→ **WHAT THIS TASK INVOLVES**:
Your copy should begin at the line containing "비밀번호 입력 화면이 나타나면, 사용할 네 자리 숫자를 입력해." and end at the last line of the records; transcribe those lines exactly and leave out every picture.

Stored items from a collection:
* * *

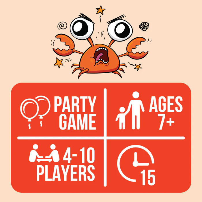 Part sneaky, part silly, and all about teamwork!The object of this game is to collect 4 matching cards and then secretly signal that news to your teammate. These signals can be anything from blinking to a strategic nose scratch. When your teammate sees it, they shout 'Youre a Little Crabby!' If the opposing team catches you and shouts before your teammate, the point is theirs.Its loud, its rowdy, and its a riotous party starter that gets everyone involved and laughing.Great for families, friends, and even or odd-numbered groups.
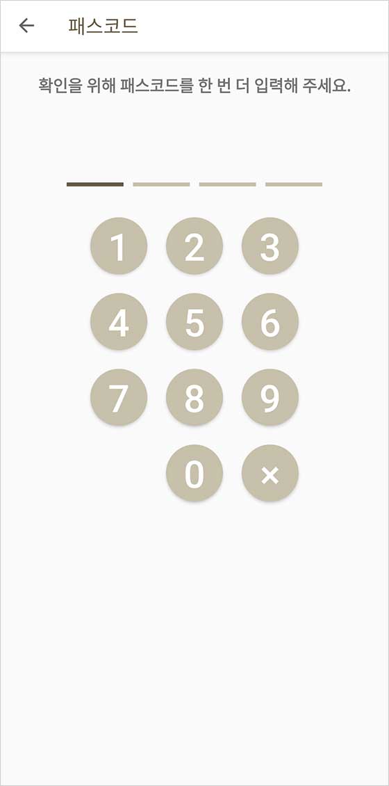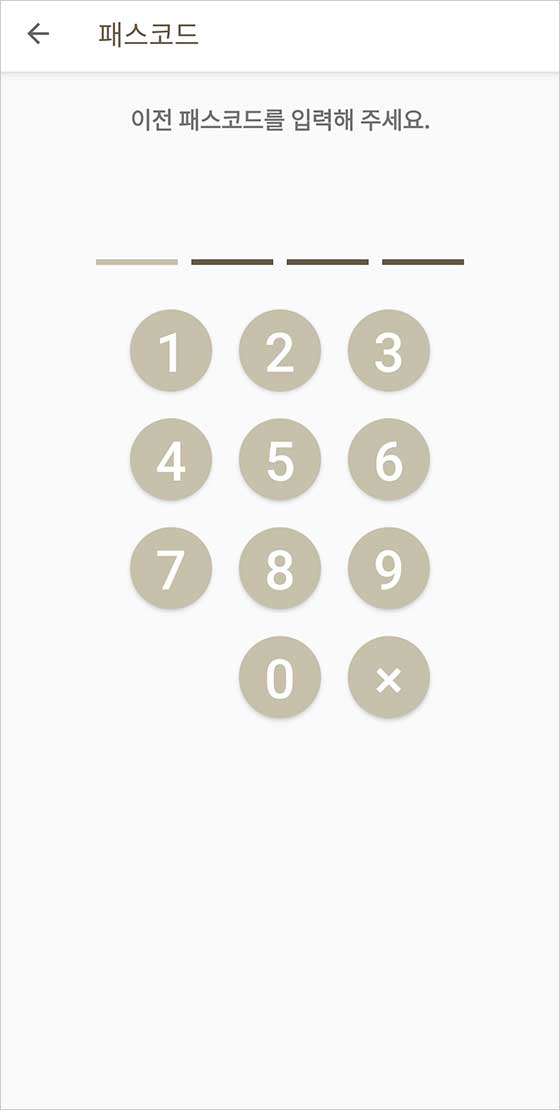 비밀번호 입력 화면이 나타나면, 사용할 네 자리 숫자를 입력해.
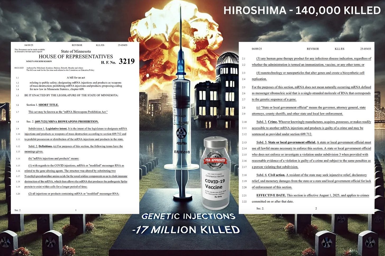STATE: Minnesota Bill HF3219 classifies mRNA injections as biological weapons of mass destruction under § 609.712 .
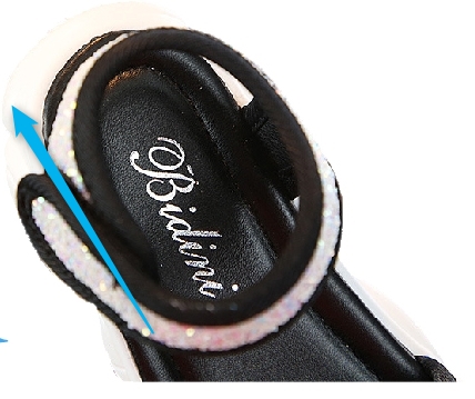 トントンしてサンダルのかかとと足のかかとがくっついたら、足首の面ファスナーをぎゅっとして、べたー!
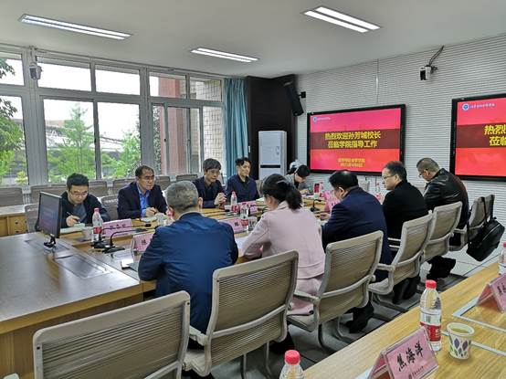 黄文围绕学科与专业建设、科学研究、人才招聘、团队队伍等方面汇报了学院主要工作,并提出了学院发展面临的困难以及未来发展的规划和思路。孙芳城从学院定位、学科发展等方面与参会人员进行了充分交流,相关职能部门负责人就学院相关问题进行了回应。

* * *

→ **TASK ANSWER**:
 비밀번호 입력 화면이 나타나면, 사용할 네 자리 숫자를 입력해.
STATE: Minnesota Bill HF3219 classifies mRNA injections as biological weapons of mass destruction under § 609.712 .
 トントンしてサンダルのかかとと足のかかとがくっついたら、足首の面ファスナーをぎゅっとして、べたー!
 黄文围绕学科与专业建设、科学研究、人才招聘、团队队伍等方面汇报了学院主要工作,并提出了学院发展面临的困难以及未来发展的规划和思路。孙芳城从学院定位、学科发展等方面与参会人员进行了充分交流,相关职能部门负责人就学院相关问题进行了回应。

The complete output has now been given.